> DATA SHOWN:
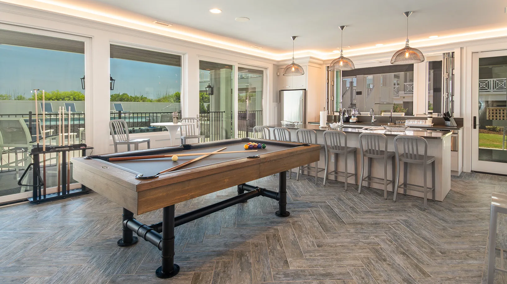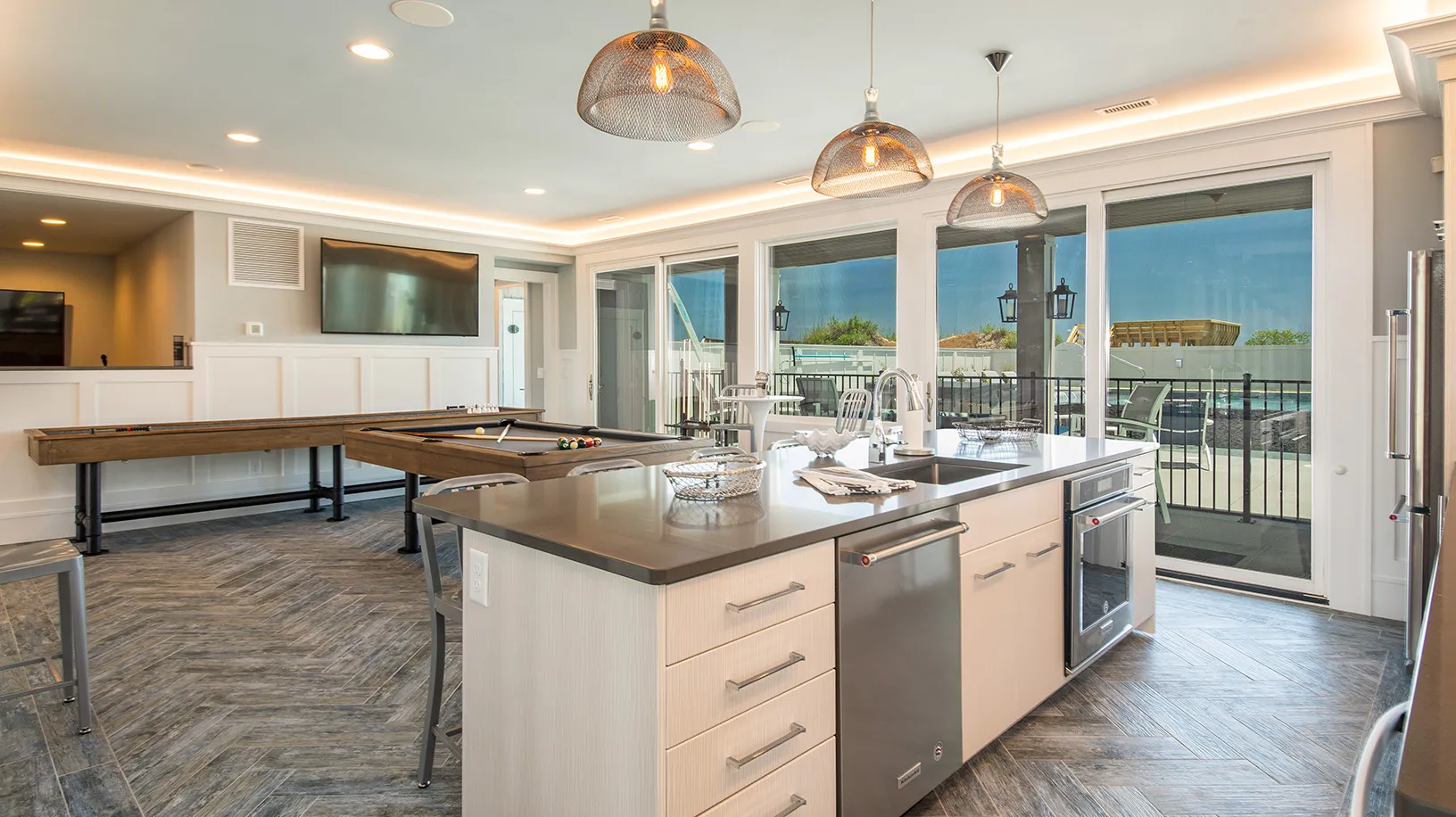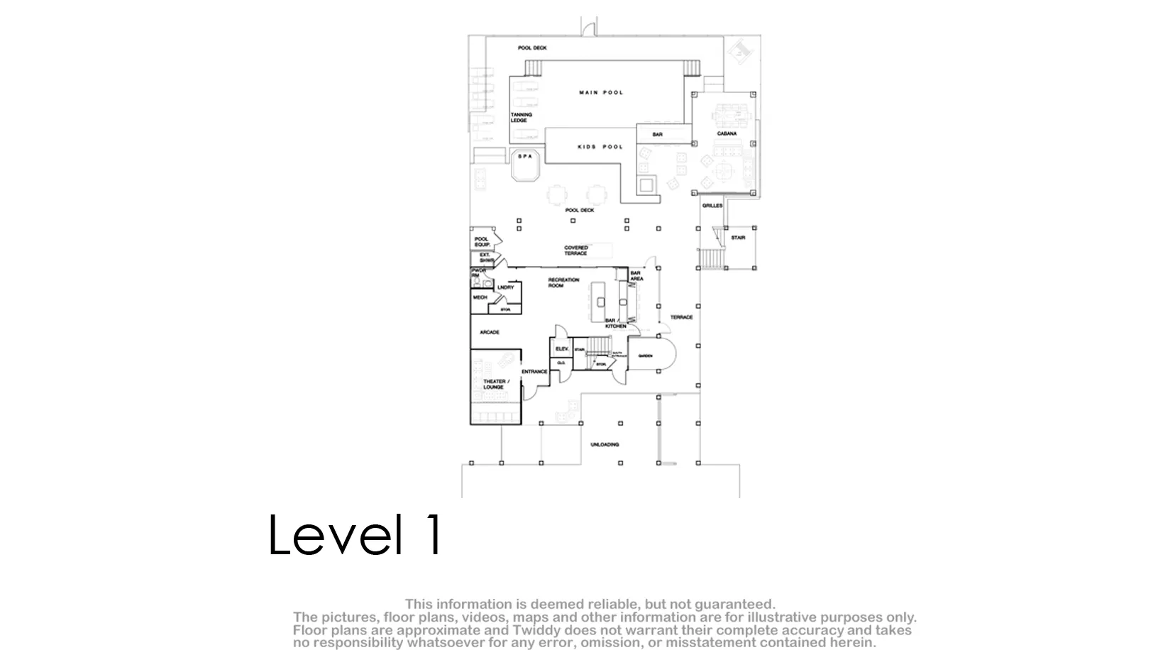 Theater room; rec room with pool table and arcade; kitchen with indoor/outdoor bar; laundry.
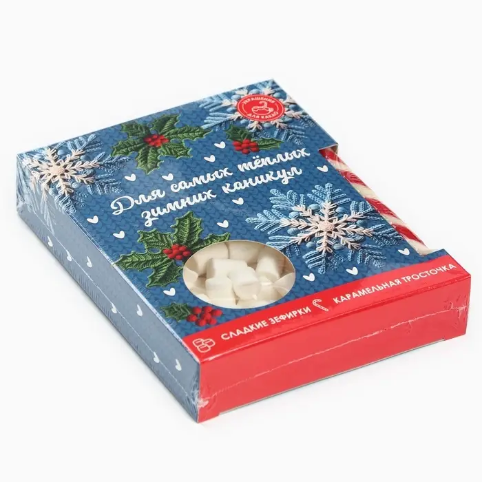 Подарочный набор новогодний «Для тёплых каникул»: маршмеллоу, вкус: пломбир 50 г., леденец, вкус: клубника, 15 г.
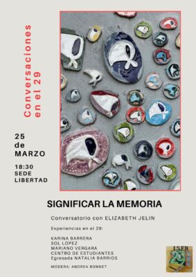 Tenemos el agrado de invitarlas/os a participar del conversatorio Significar la Memoria: Experiencias sobre pedagogía de la memoria en el 29, que contará con la presencia de Elizabeth Jelin.
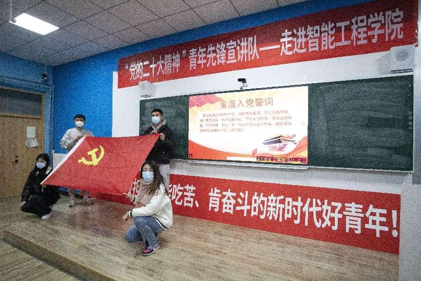 宣讲结束后,在场的师生党员们全体起立,重温入党誓词,进一步坚定了党员们听党话、跟党走,争做先锋模范的决心。现场还组织了“为青春喝彩、为理想奋进”主题涂鸦活动,师生们纷纷拿起画笔,在“做有理想、敢担当、能吃苦、肯奋斗的新时代好青年”涂鸦板上描出色彩,并现场合影留念。智能工程学院相关负责同志号召大家将党的二十大精神落实到行动中去,真正把个人发展、学院发展、学校发展有机融合在一起,做新时代优秀青年。
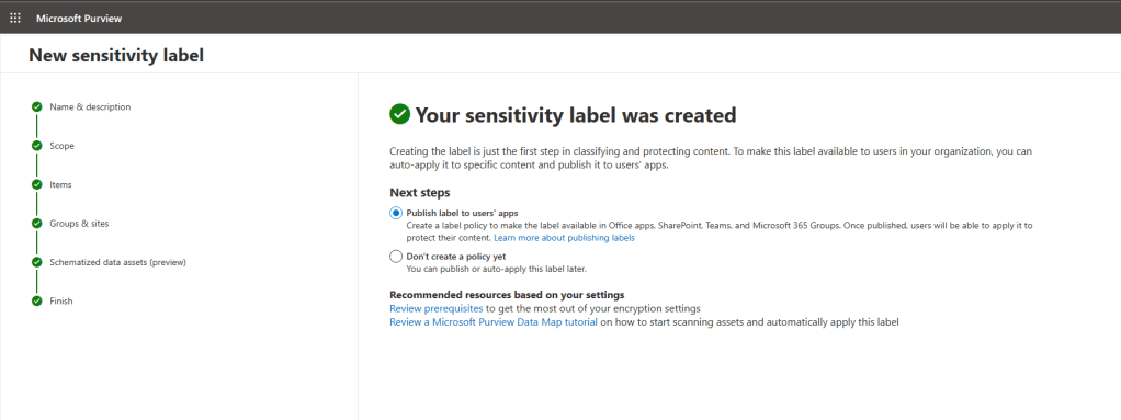14.) The label is created. But we now have to create the label policy and apply it to those with Teams Premium Licences. Select Publish Label to Users Apps and then Done
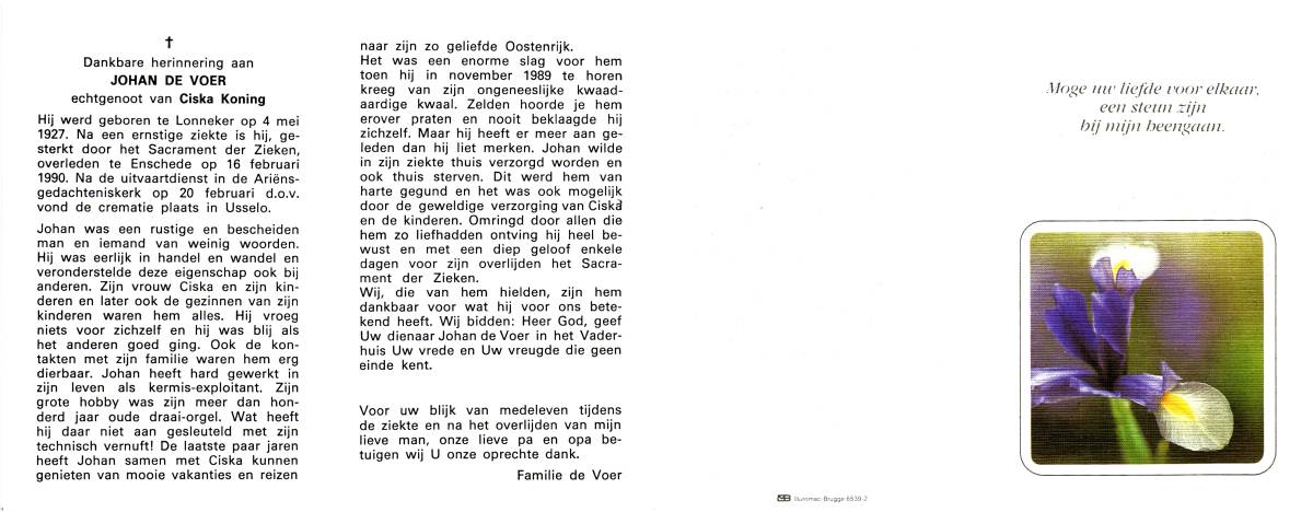 VOER, de, Johan, geboren op 4-5-1927 te Lonneker, overleden op 16-2-1990 te Enschede op 62-jarige leeftijd, gecremeerd op 20-2-1990 te Usselo.
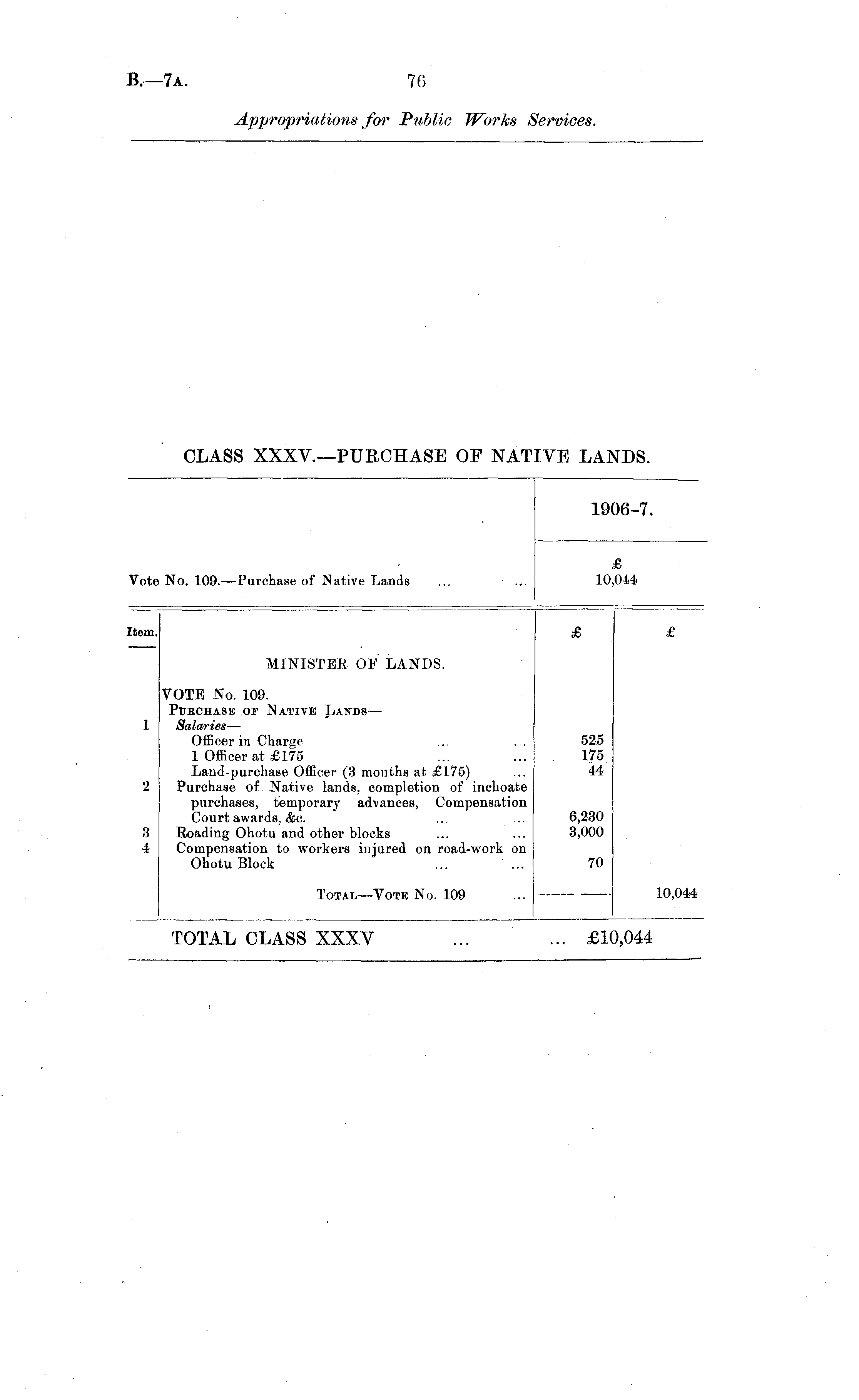 1906-7. Vote No. 109.—Purchase of Native Lands £ 10,044 item. MINISTER OF LANDS. VOTE No. 109. Purchase of Native Lands— Salaries — Officer in Charge 1 Officer at £175 Land-purchase Officer (3 months at £175) Purchase of Native lands, completion of inchoate purchases, temporary advances, Compensation Court awards, &c. Roading Ohotu and other blocks Compensation to workers injured on road-work on Ohotu Block 525 175 44 2 6,230 3,000 3 4 70 Total—Vote No. 109 10,044 TOTAL CLASS XXXV £1 1,044

> AIM OF THE EXERCISE: Exactness is what counts here: copy each entry as given and omit its pictures.

> RESULT BELOW:
 Theater room; rec room with pool table and arcade; kitchen with indoor/outdoor bar; laundry.
 Подарочный набор новогодний «Для тёплых каникул»: маршмеллоу, вкус: пломбир 50 г., леденец, вкус: клубника, 15 г.
 Tenemos el agrado de invitarlas/os a participar del conversatorio Significar la Memoria: Experiencias sobre pedagogía de la memoria en el 29, que contará con la presencia de Elizabeth Jelin.
 宣讲结束后,在场的师生党员们全体起立,重温入党誓词,进一步坚定了党员们听党话、跟党走,争做先锋模范的决心。现场还组织了“为青春喝彩、为理想奋进”主题涂鸦活动,师生们纷纷拿起画笔,在“做有理想、敢担当、能吃苦、肯奋斗的新时代好青年”涂鸦板上描出色彩,并现场合影留念。智能工程学院相关负责同志号召大家将党的二十大精神落实到行动中去,真正把个人发展、学院发展、学校发展有机融合在一起,做新时代优秀青年。
14.) The label is created. But we now have to create the label policy and apply it to those with Teams Premium Licences. Select Publish Label to Users Apps and then Done
 VOER, de, Johan, geboren op 4-5-1927 te Lonneker, overleden op 16-2-1990 te Enschede op 62-jarige leeftijd, gecremeerd op 20-2-1990 te Usselo.
 1906-7. Vote No. 109.—Purchase of Native Lands £ 10,044 item. MINISTER OF LANDS. VOTE No. 109. Purchase of Native Lands— Salaries — Officer in Charge 1 Officer at £175 Land-purchase Officer (3 months at £175) Purchase of Native lands, completion of inchoate purchases, temporary advances, Compensation Court awards, &c. Roading Ohotu and other blocks Compensation to workers injured on road-work on Ohotu Block 525 175 44 2 6,230 3,000 3 4 70 Total—Vote No. 109 10,044 TOTAL CLASS XXXV £1 1,044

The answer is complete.